There’s not much to love about the World Economic Forum’s 2015 report on the global gender wage gap—but if you’re an American woman, there’s even more to hate.
The Global Gender Index Gap, released Wednesday, is a ranking of the 145 world economies according to “how well they are leveraging their female talent pool.” The rankings are based on four indicators: economic, educational, health-based, and political. While the overall gap between men and women in these four areas did close by 4 percent in the last decade, economic equality remains stagnant.
According to the report’s trajectory, women will not be earning as much as men until 2133—a staggering 118 years from now. Those who assume that, in America, this number may be less are dead wrong. While the majority of countries inched closer to economic equality between the sexes over the past decade, the U.S. was not one of them.
America fell eight places in the overall rankings, landing at number 28 on the global gender gap index—behind top three countries Iceland, Norway, and Finland as well as developing countries like Rwanda and the Philippines. This is despite America jumping 26 places higher in the education ranking, from 66th in 2006 to 40th in 2015.
Today in the U.S., women make 74 cents to every dollar that men earn, compared to Rwanda, where women make 88 percent the amount that men do. Iceland tops the list, a win which WEF experts attribute the country's success in helping parents with work/family balance, which allows more females into leadership roles. “They have the best policies in the world for families,” Saadia Zahidi, the lead author of the study, said. “Their childcare systems are the best and they have the best laws on paternity, maternity and family leave.”

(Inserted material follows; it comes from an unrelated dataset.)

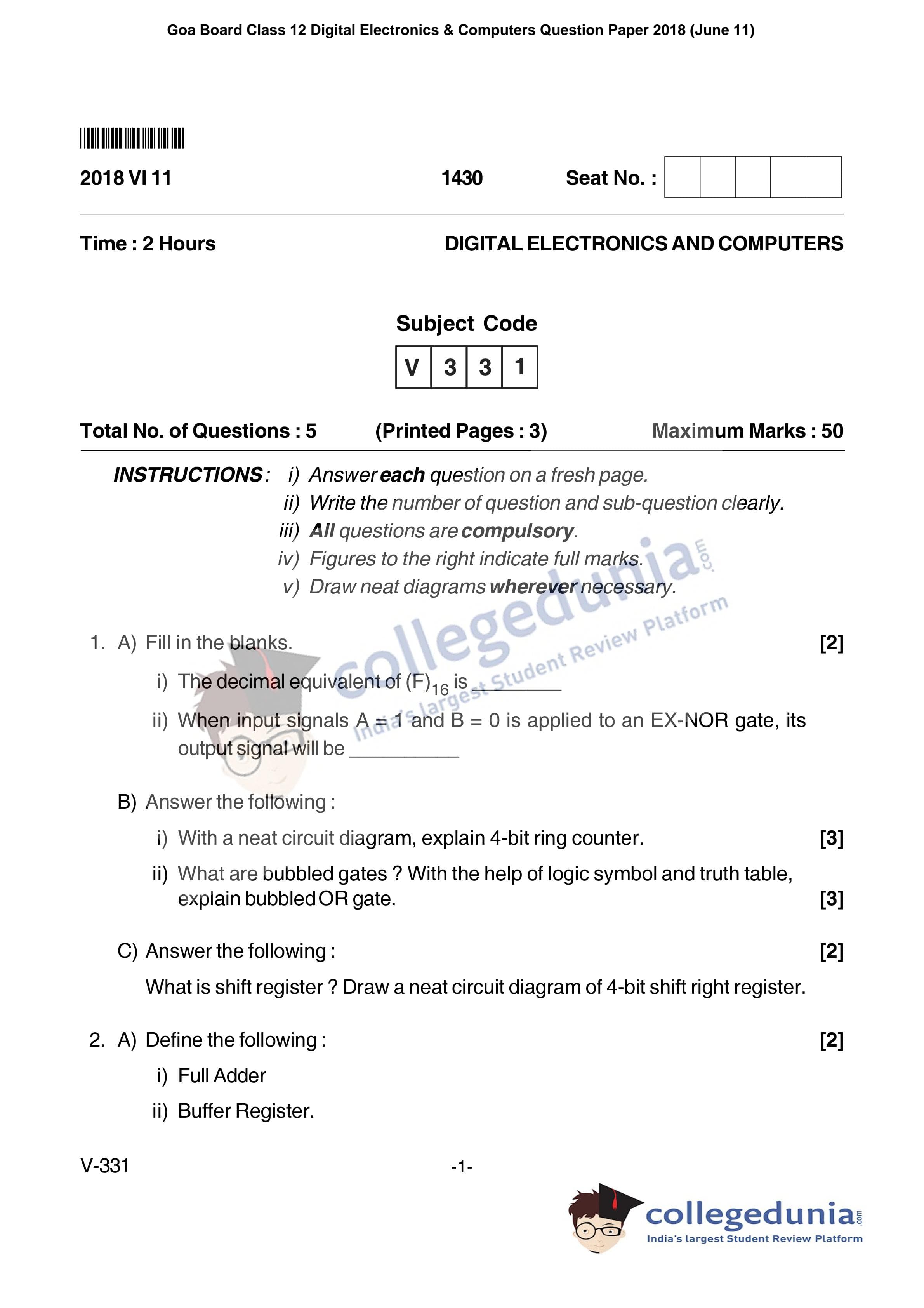| Goa Board HSSC Digital Electronics & Computers Question Paper 2018 PDF | Goa Board HSSC Digital Electronics & Computers Answer Key 2018 PDF |

But in America, putting more women in leadership roles may not solve the problem. According to a report from the International Labour Organisation Statistical Office, females made up 42.8 percent of the managers in America last year.
While the U.S. may be lagging behind in the pay gap world, it’s most definitely not an anomaly. Not one country in the world pays women and men equally.

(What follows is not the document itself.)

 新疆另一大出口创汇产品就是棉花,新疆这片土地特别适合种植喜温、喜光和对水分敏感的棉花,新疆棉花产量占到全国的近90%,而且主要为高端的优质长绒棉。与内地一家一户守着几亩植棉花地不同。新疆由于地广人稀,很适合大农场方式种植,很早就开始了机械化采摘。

The average female salary today, $11,000, is what males were making (on average) in 2006; today, their salary is twice that number, at $21,000. The discrepancy means that women who are getting paid less to do the same jobs are, at least a fraction of the time, working for free. According to the calculations by the WEF, women work an average of 133 days unpaid per year.
If closing the gender gaps means pinpointing the cause of the inequality, Columbia University researchers are on the right track. Put this expectation gap down to two factors: overconfidence and competitiveness. In a study from 2014, they found men to have a significantly higher level of competitiveness than women and to be twice as likely to “overestimate their true ability.”
Perhaps a change in perspective, the authors conclude, could impact the overall equality. “Individuals with low earnings expectations are more willing to accept a low-paying job offer because it is in line with their beliefs,” they write. “They are also less likely to negotiate for a higher salary since the offer is consistent with their benchmark.”
If the amount of time it will take to close gap has yet to hit home, check out the Gender Gap age calculator. Unless you’ve got plans to live past 150, it won’t be pretty.